An interesting, disturbing dialogue has commenced amongst several of my thoughtful blogger friends, Odious, Jack, and Kate, on the subject of, well, wretchedness: Why and when one is most susceptible to it (or, blessedly, not), how one attempts to keep it at bay, and the compellingly asserted possibility that it is an unnecessary pain born and sustained only by a lack of faith in the overarching divine goodness available to us if only we should believe it’s there and actually meant for us. I recognize my own experience in Odious’s self-doubt, apathy, feelings of guilt over being apathetic, even in his attempts to blur out with over-stimulation and constant fidgeting that ugly self-realization perpetually lurking in his periphery.
This…. longing for goodness is so striking that I worry a great deal about my lack of it. I do what is right grudgingly at best and with a feeling that everyone had better appreciate the sacrifice I’m making in trying to be a good person, rather than chasing joyfully after goodness without a thought of anything else. I am not attracted to the Good; or if I am, I keep it hidden, to disguise my failure to be good as successful apathy. This self-deception is too often triumphant. It is, of course, pride that keeps me from confessing my desire, and I’ve so suppressed it that I feel it only sporadically anymore. It takes quite a shove to make me realize how much I would like to be good.
I don’t know about anyone else, but Pascal’s “distraction from wretchedness” becomes more and more my motivation. I find myself singing, not because I like the song, but because old iniquities are coming to mind and I don’t want to remember them. I read while I watch movies, because with only one distraction I might notice my fallen state, and the knowledge of how low I am is intolerable.
However, Jack’s position, that truly believing in the benevolence and even love of God cultivates a happiness magnificent enough to dwarf the insecurities, worries, and, yes, wretchedness, that come from a blinkered preoccupation with the secular, seems not just a mollifying sentiment but a wise and practical tenet to live by.
If we really believed, I mean really, experientially believed that we were personally loved by the Being Who created the universe, would we really be bothered if someone disagreed with us, belittled us, or really, harmed us in any way? Would it matter? The insecurity that compels us to lash out in despair would finally be resolved. Why would we need earthly validation if we knew that our real selves — not the narrow mean selves we’re forced into being — were forever irrevocably loved.

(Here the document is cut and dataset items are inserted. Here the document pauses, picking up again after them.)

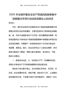 2025年全镇开展安全生产领域风险隐患集中排查整治专项行动动员部署会上的讲话.docx
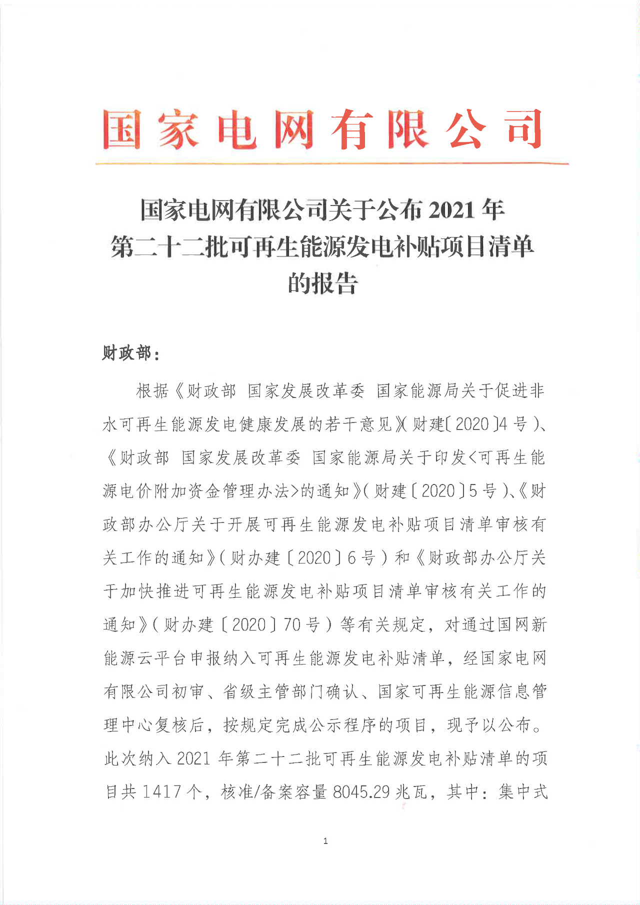 根据《财政部 国家发展改革委 国家能源局关于促进非水可再生能源发电健康发展的若干意见》(财建〔2020〕4号)、《财政部 国家发展改革委 国家能源局关于印发<可再生能源电价附加资金管理办法>的通知》(财建〔2020〕5号)、《财政部办公厅关于开展可再生能源发电补贴项目清单审核有关工作的通知》(财办建〔2020〕6号)和《财政部办公厅关于加快推进可再生能源发电补贴项目清单审核有关工作的通知》(财办建〔2020〕70号)等有关规定,国家电网有限公司积极配合各省级能源主管部门和国家可再生能源信息管理中心,为符合中央财政补助条件的可再生能源发电项目提供补贴清单申报服务。根据《财政部关于下达2021年可再生能源电价附加补助资金预算的通知》(财资〔2021〕94号)规定,2019年底前完成并网的项目,原则上应在2021年底前完成补贴清单审核;2020年起并网的项目,原则上应在并网后一年内完成补贴清单审核。2021年11月30日,我公司已将完成公示的2021年第二十二批可再生能源发电项目补贴项目清单上报国家主管部门,已公布项目清单及后续项目审核进展情况,请登录新能源云平台查询。
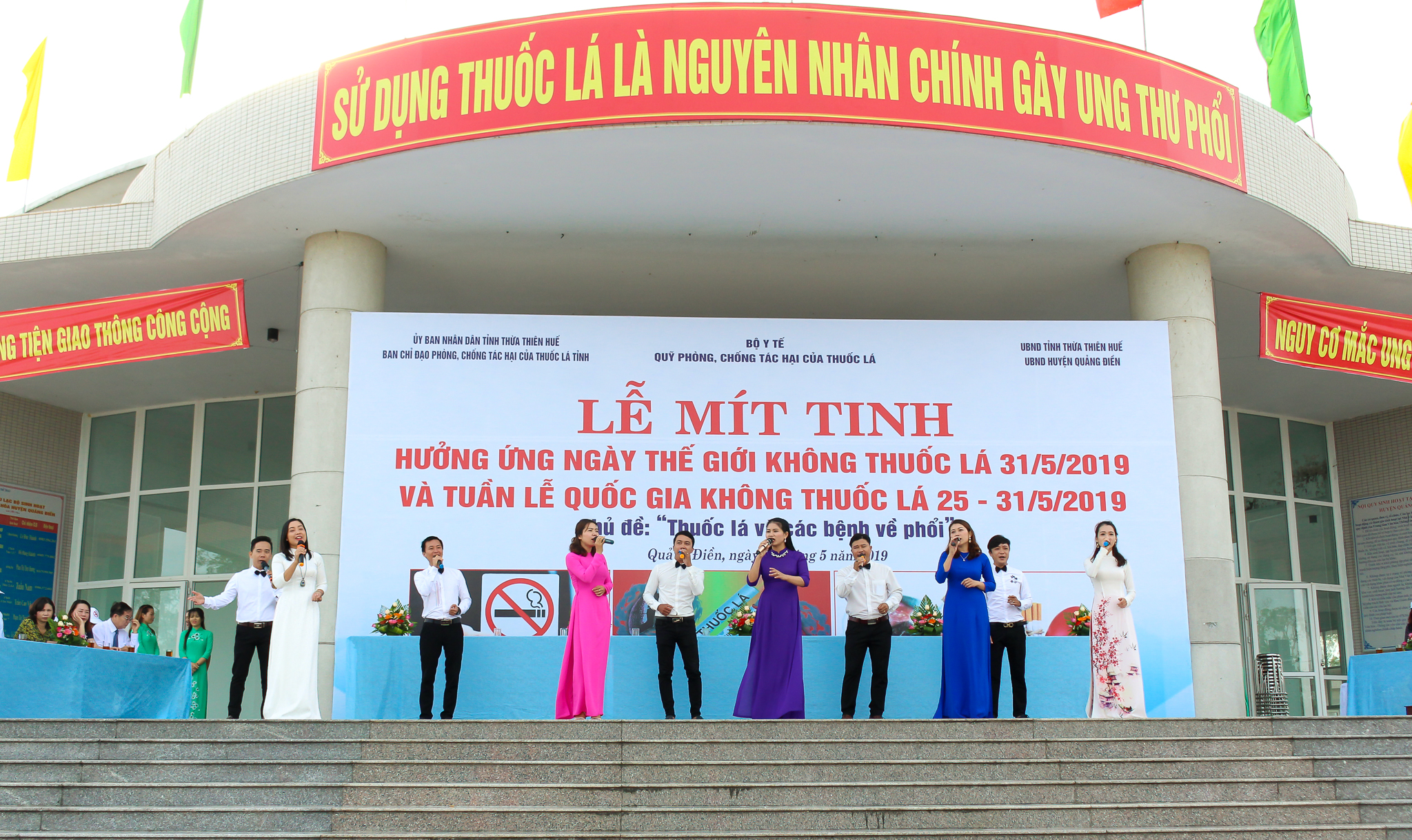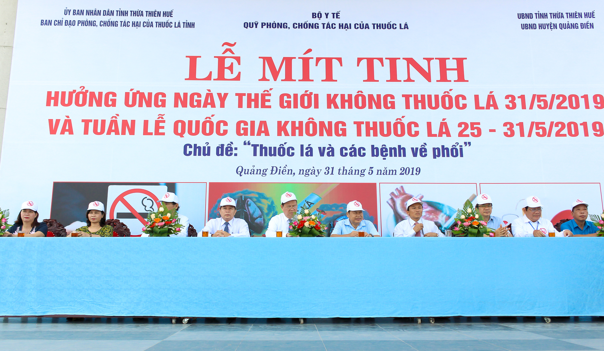 Ngày 31/5/2019 tại Trung tâm Văn hóa Thông tin - Thể thao huyện Quảng Điền, Ban chỉ đạo phòng chống tác hại của thuốc lá tỉnh Thừa Thiên Huế phối hợp với UBND huyện Quảng Điền tổ chức Lễ mít tinh hưởng ứng Ngày Thế giới không thuốc lá 31/5/2019 với chủ đề "Thuốc lá và các bệnh về phổi".
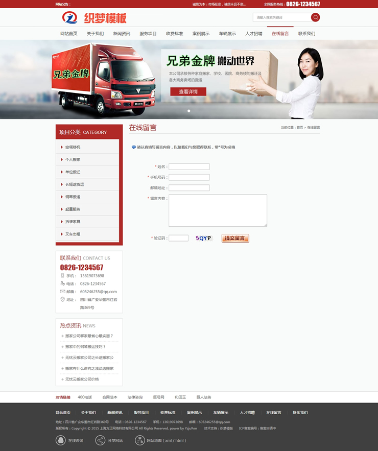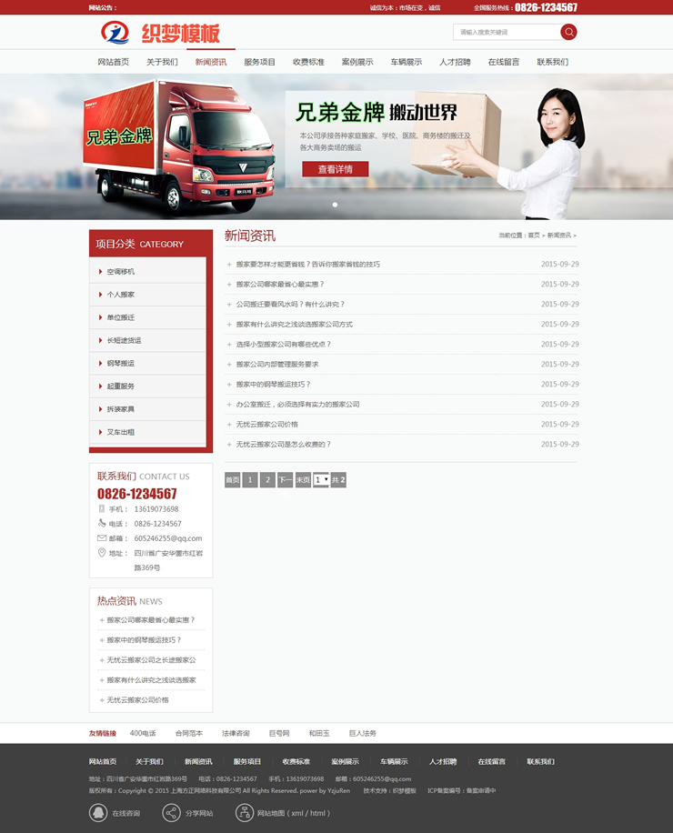 红色家政服务空调搬家类网址织梦模板-DeDecms(织梦)模板
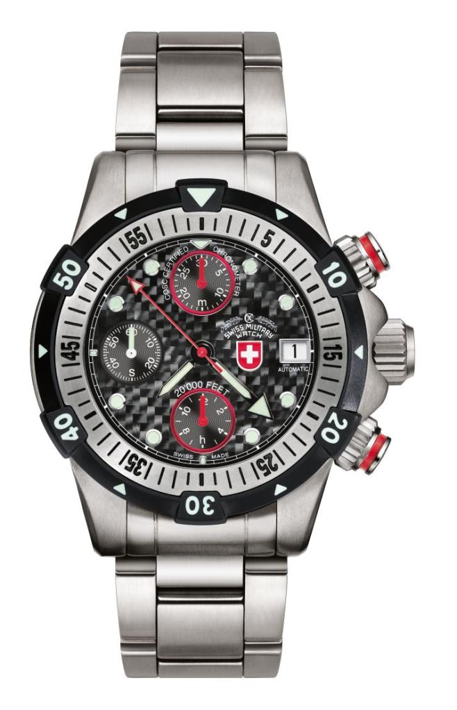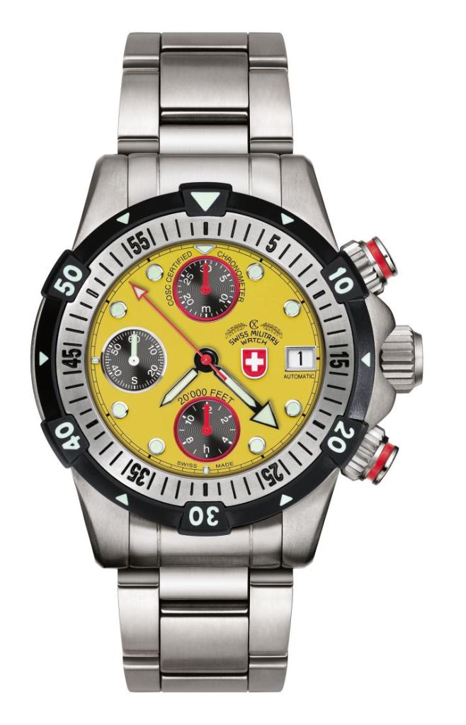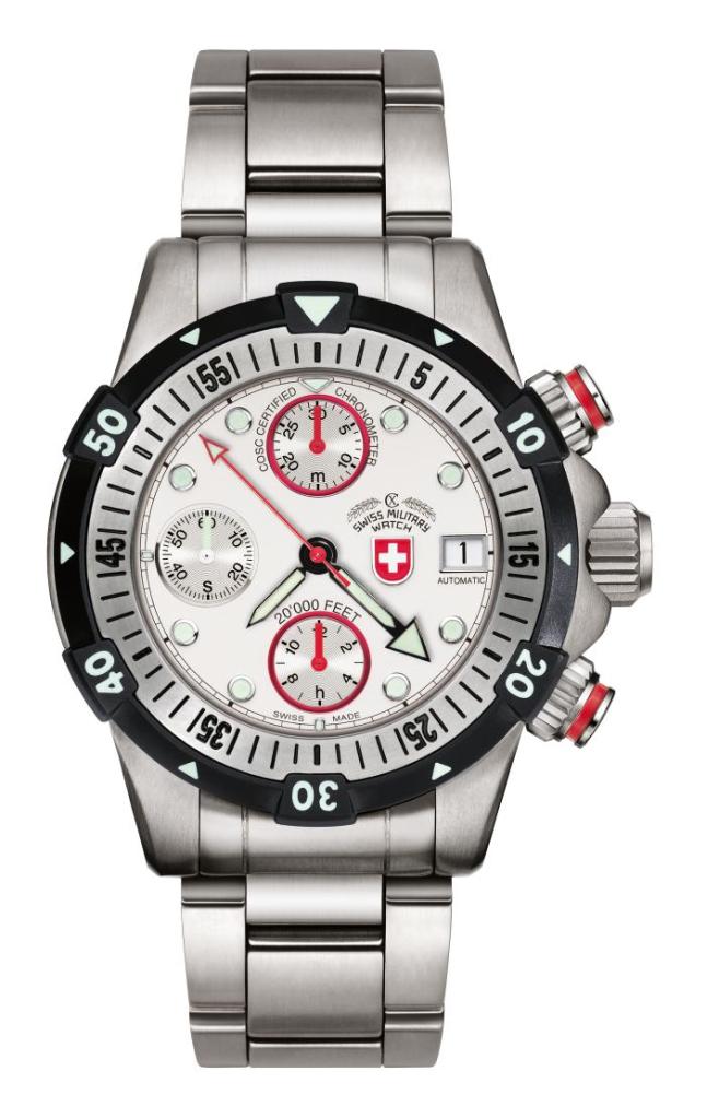 Swiss Watch Specifications: CX Swiss Military Watch automatic chronograph 20’000 FEET, ETA cal. 7750 COSC Swiss Made automatic mvt., silver dial, titanium case/bracelet (length 200mm, width 24mm, safety butterfly buckle with diving extension), unidirectional two-tone bezel with full 60′ graduation and pre-select luminous marker as per ISO 6425, anti-magnetic ISO 764, screw-down crown/pushers, anti-reflective sapphire crystal, helium relief valve, additional rubber strap. Case: diameter 46.0 mm, thickness 28.5mm, 600atm water resistant ISO 6425. Weight: 265gr. HS-Code: 9102.2100.125. Guinness Book of World Record holder for automatic diving watches
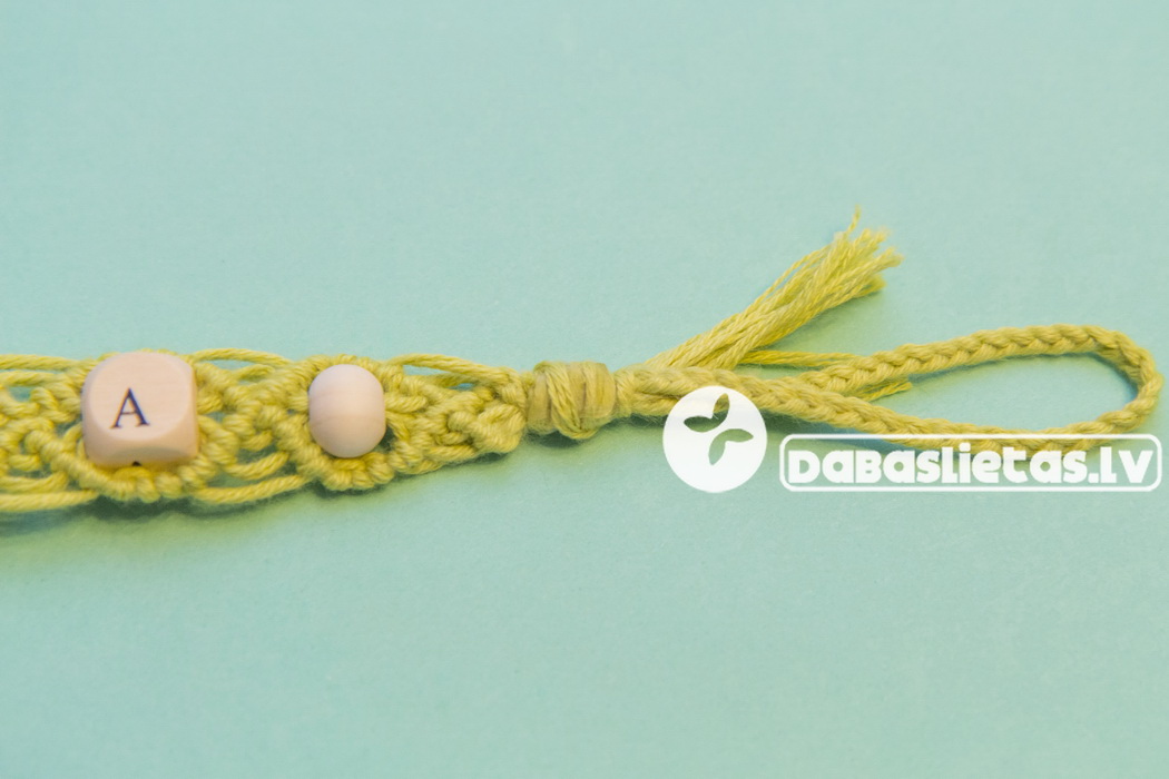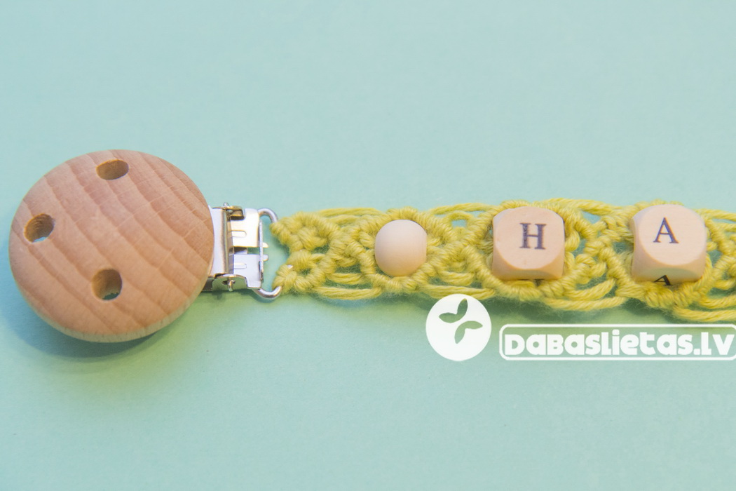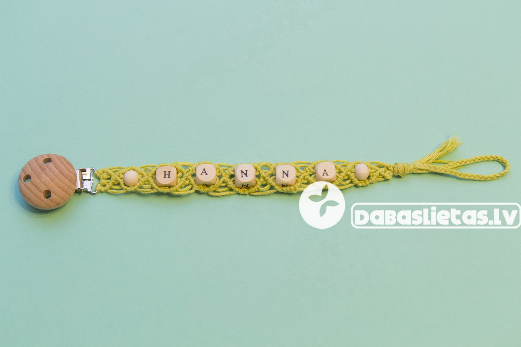 Knupīša turētāja klipsis ir īpaši liels un kvalitatīvs, izgatavots no dižskābarža. Mezglojums no organiskas bērniem domātas kokvilnas dzijas.
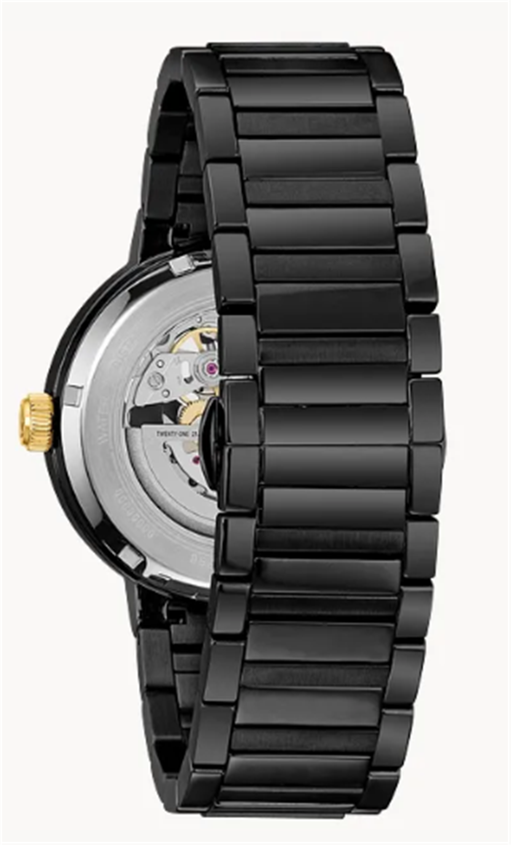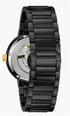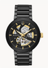 Futuro Modern. In black IP stainless steel, automatic self-winding movement with 40-hour power reserve and open aperture black dial with gold-tone accents, domed mineral glass, screw-back case, black IP stainless steel bracelet with double-press deployment closure.
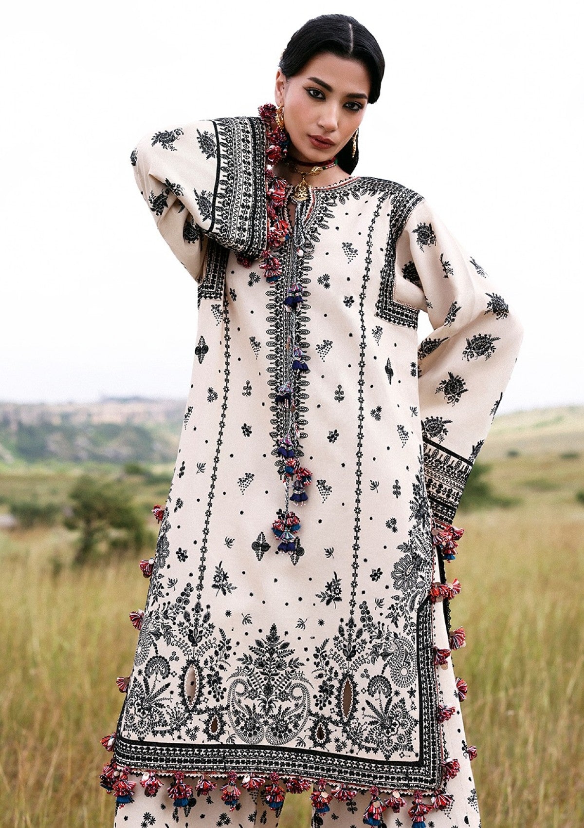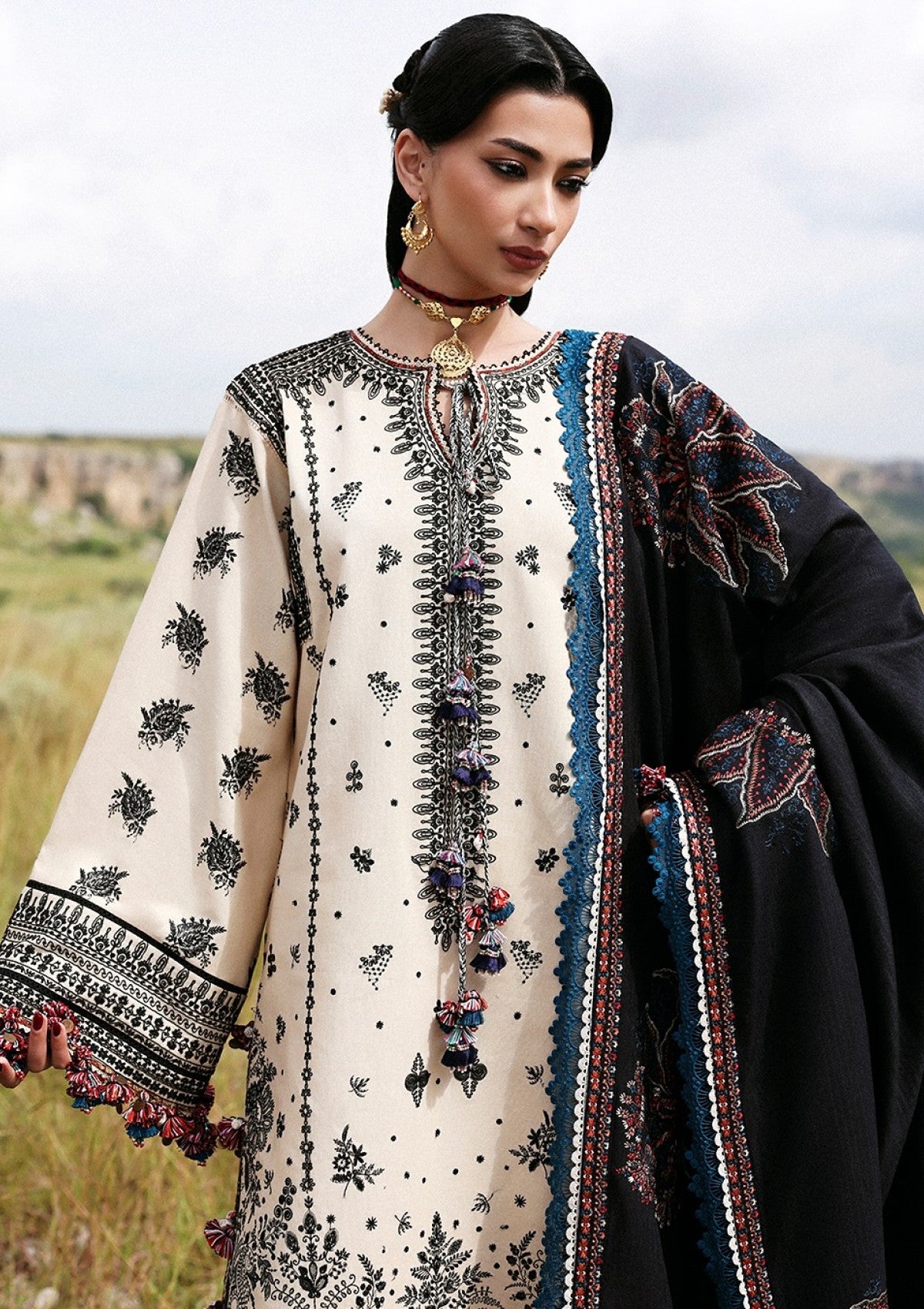 A long beige khaddar shirt with a dori-style neckline and keyhole detail, featuring delicate boti spray panels and a heavily embroidered dori-inspired hem and sleeves. Paired with embroidered culottes and a contrasting black wool shawl adorned with bold multicolored florals and embroidered borders — a perfect blend of warmth, grace, and timeless style.
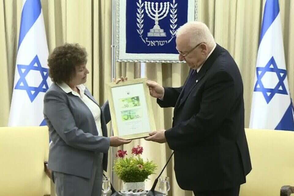 נשיא המדינה רובי ריבלין קיבל היום את שטר 50 השקלים החדש הראשון מידי נגידת בנק ישראל, קרנית פלוג. השטר החדש נושא את דיוקנו של המשורר שאול טשרניחובסקי, והוא ייכנס למחזור ערב ראש השנה.

Indeed, I suspect that if I ever prove capable of taking Jack’s invocations to heart successfully, I will look back on my hours (months? Years? Decades?) of anxiety and dissatisfaction as needless capitulation to pointless doubt, hours spent in godlessness, while God was right there had I just been wise and courageous enough to believe. But it is hard to believe.
Not “in God”— Since the first time it was mentioned to me in a ghetto Baptist school when I was five, it has never been difficult for me to believe in the existence of a God; this probably indicates more my sloppy and unscientific nature rather than any effortless inclination to religiosity. No, it’s hard to believe that the belief in God’s love is enough to assuage the sting of even the pettiest insult, let alone the devastation of real human tragedy. I’m not assuming Ivan Karamazov’s stand of, “how can we believe in a God who allows babies to be murdered?”—he made his point very convincingly and even so was soundly mo’ded by the gentle and persistent devotion of Alexei. I can accept that God allows suffering and I wouldn’t assert something so myopic as that this proves His lack of benevolence or even His absence altogether—but I can’t help but draw the line at His love for each of us being a palliative or encouraging conviction.
For something to offer encouragement or alleviation from wretchedness, one has to believe that that thing promises real respite from the things that make one wretched. But we know that whether God loves us or not, we are stuck until we die in a world which promises a near-constant barrage of insults, failures, grievances, tragedies, disappointments, iniquities, deaths, humiliations, resentments, sorrows, loss, and wretchedness. We cannot point to anyone whom, perhaps, God loved more and thus made to suffer less, nor anyone whom God definitely loved less and so who conversely suffered more. No, God loves us all equally, and yet suffering is doled out at best, randomly; at worst, with the totality of a carpet bombing. Knowing that God’s love has no effect on the events, good and bad, that befall us in our lives, and that neither does it gravitate in greater quantity to those who work harder to be worthy of it (i.e. those who make a more concerted effort not to be assholes), how can the knowledge that He loves each of us provide real solace?
Reduced to bluntness, my point is, “God loves me. …And?”
God loves me and he loved Genghis Khan, and Ann Frank and Stalin, and the Grand Inquisitor and Dostoevsky and the slaughtered babies and their mothers and Milosevic and my dead father. This may be true, and I believe it is true. But how on earth can I glean comfort from it?